■ **Material provided**:
[Start of section]

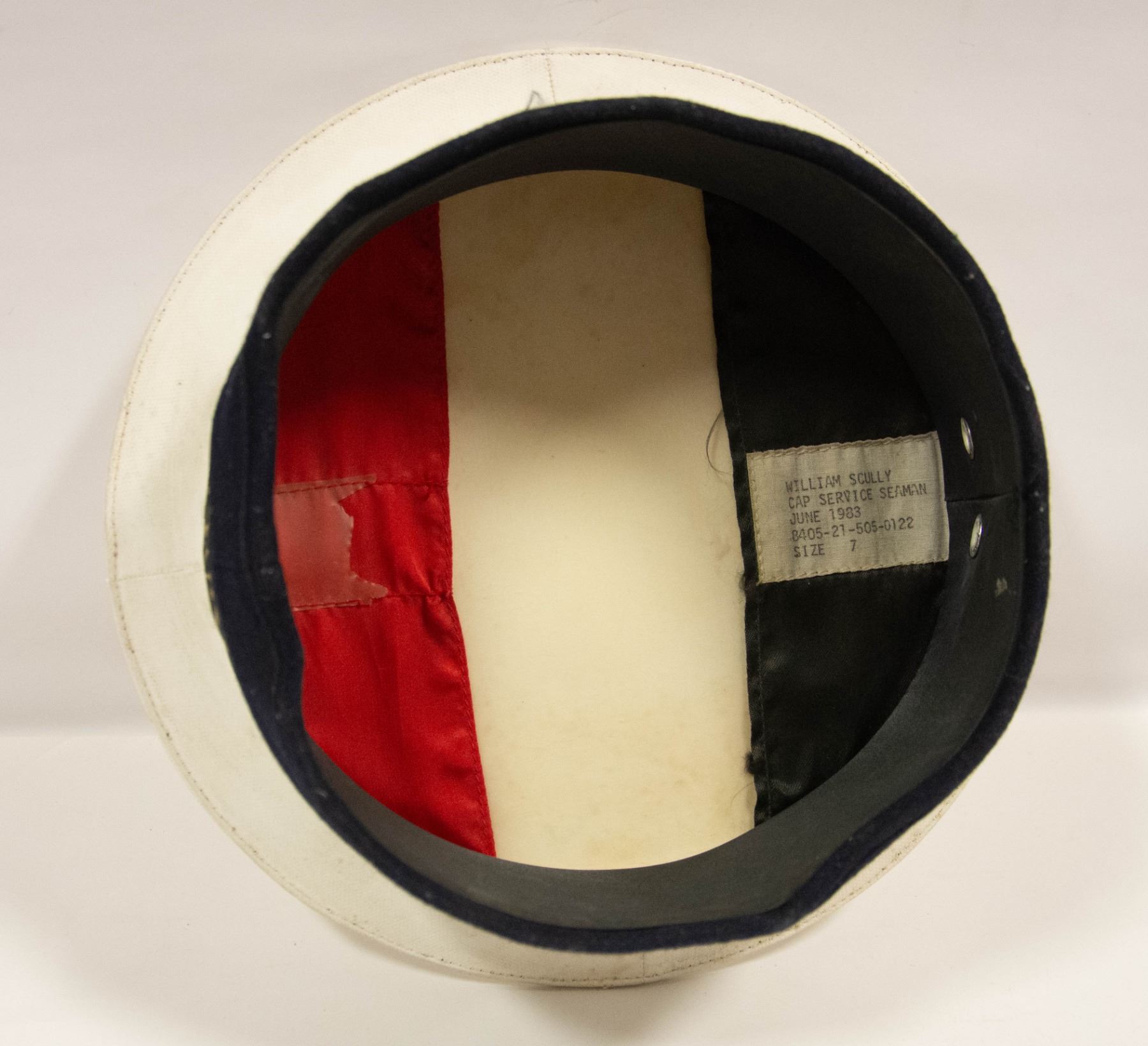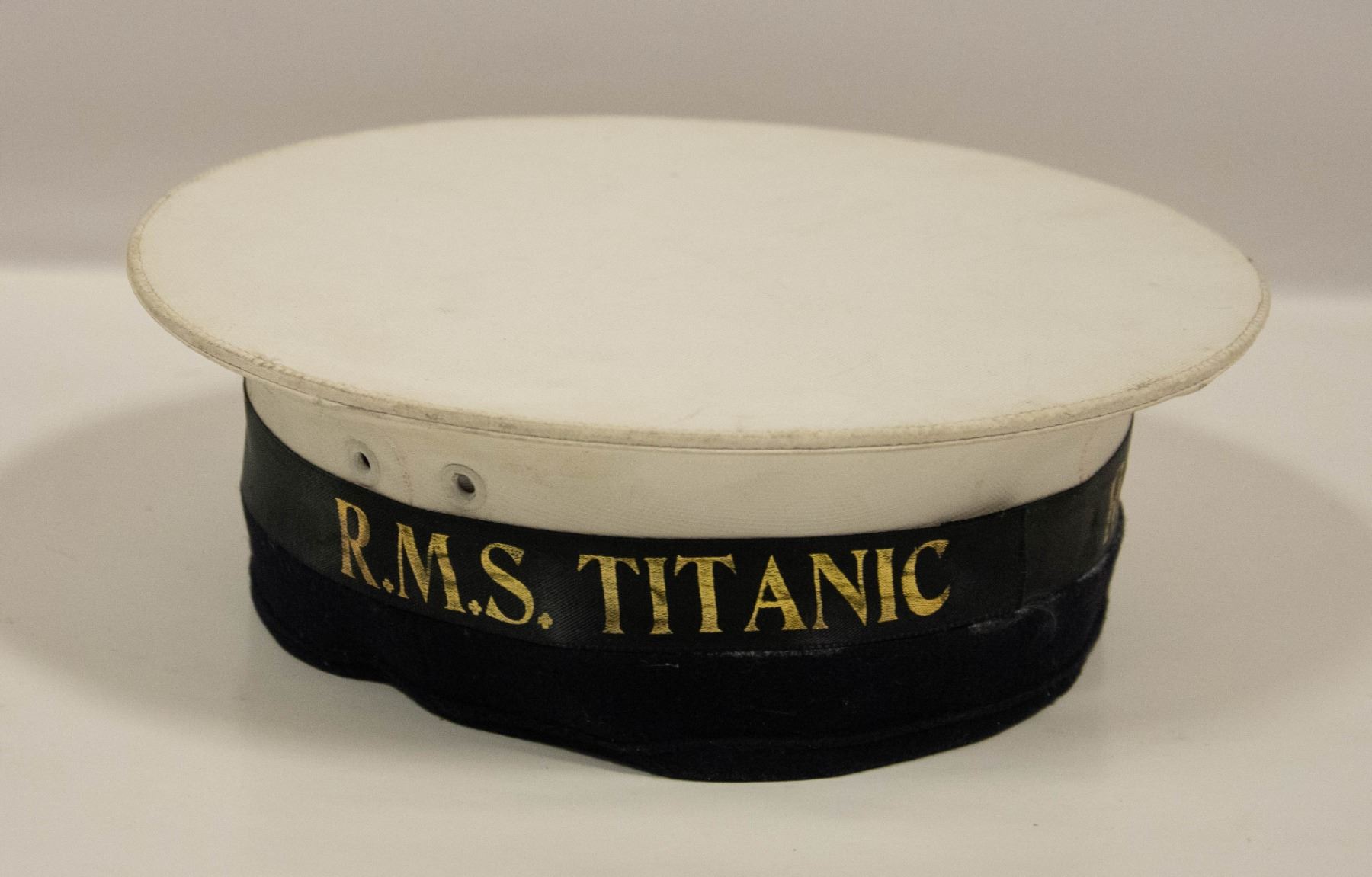 HEAD DRESS, SIZE 7, INNER LABEL INSIDE "WILLIAM SCULLY CAP SERVICE SEAMAN JUNE 1983" **NOT A GENUINE PIECE FROM TITANIC, WAS ARRANGED TO LOOK SIMILAR** **ALL ITEMS MUST BE REMOVED BY 5PM SATURDAY, MARCH 9TH 2024. ALL REMAINING ITEMS WILL BE SUBJECT TO A $6.00 PER DAY STORAGE CHARGE. ANY ITEMS REMAINING AFTER MONDAY, APRIL 1ST, 2023 WILL BE CONSIDERED FORFEITED. NO REFUNDS WILL BE ISSUED FOR FORFEITED ITEMS. TO SCHEDULE A PICK UP APPOINTMENT CLICK HERE
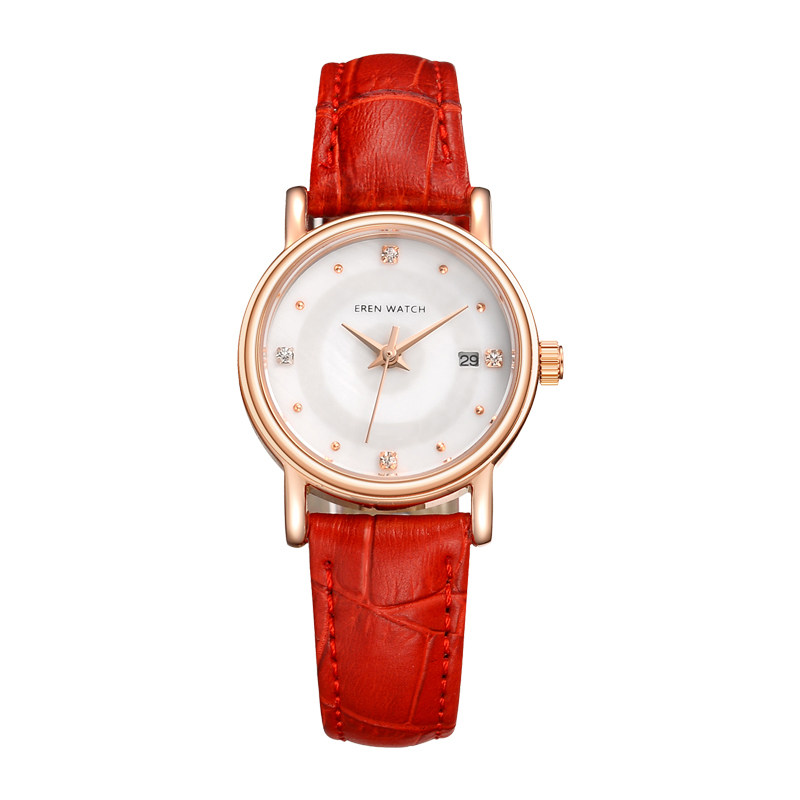 Ellen Leather Band Watch Women's Fashion Casual Waterproof Women's Watch Small Dial Simple Diamond-studded Calendar Watch
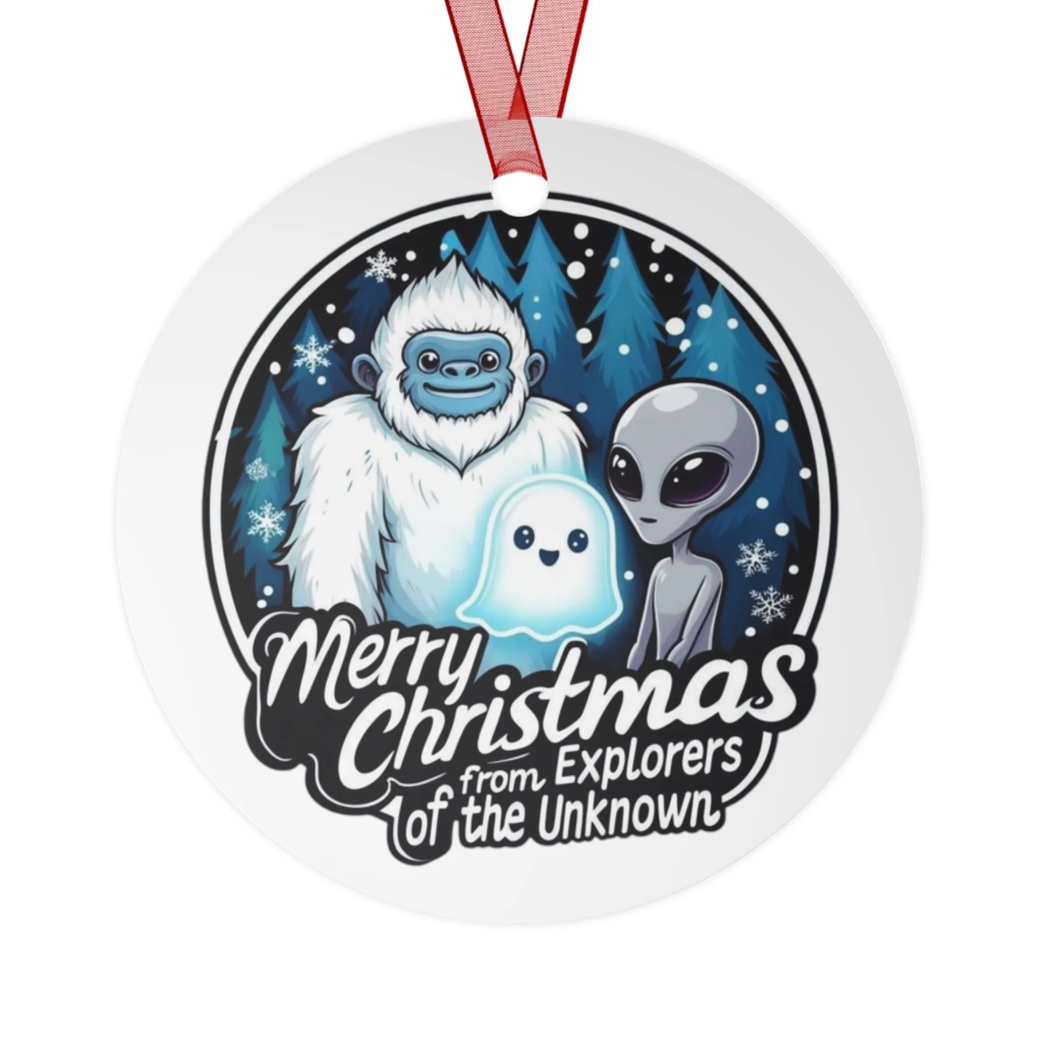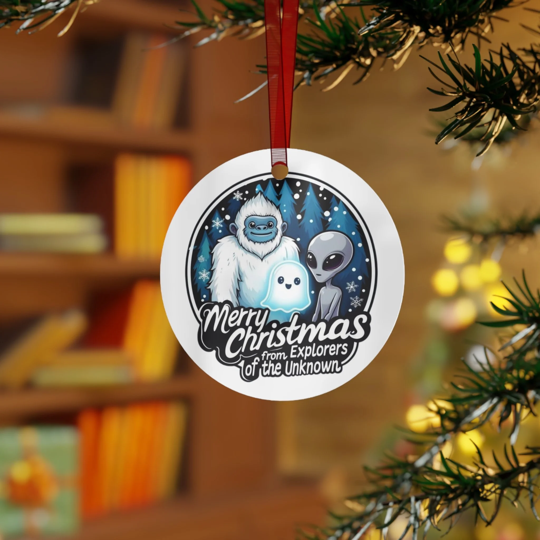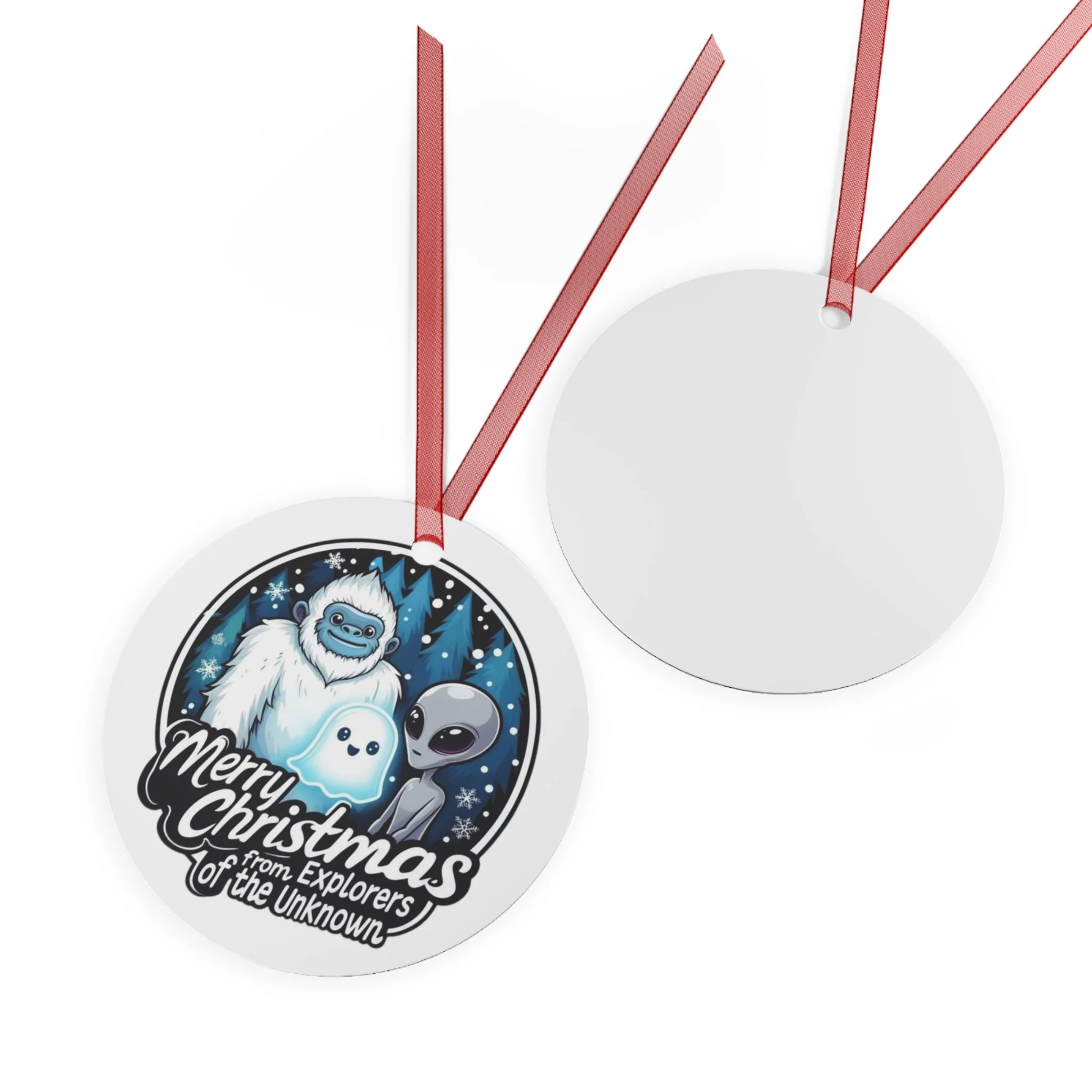 Christmas Alien & Yeti Metal Ornament — "Merry Christmas from Explorers of the Unknown"

[End of section]

■ **Problem to solve**:
Take the whole listing above and copy it exactly. Pictures do not go into the copy.

■ **Solution to this exercise**:
 HEAD DRESS, SIZE 7, INNER LABEL INSIDE "WILLIAM SCULLY CAP SERVICE SEAMAN JUNE 1983" **NOT A GENUINE PIECE FROM TITANIC, WAS ARRANGED TO LOOK SIMILAR** **ALL ITEMS MUST BE REMOVED BY 5PM SATURDAY, MARCH 9TH 2024. ALL REMAINING ITEMS WILL BE SUBJECT TO A $6.00 PER DAY STORAGE CHARGE. ANY ITEMS REMAINING AFTER MONDAY, APRIL 1ST, 2023 WILL BE CONSIDERED FORFEITED. NO REFUNDS WILL BE ISSUED FOR FORFEITED ITEMS. TO SCHEDULE A PICK UP APPOINTMENT CLICK HERE
 Ellen Leather Band Watch Women's Fashion Casual Waterproof Women's Watch Small Dial Simple Diamond-studded Calendar Watch
 Christmas Alien & Yeti Metal Ornament — "Merry Christmas from Explorers of the Unknown"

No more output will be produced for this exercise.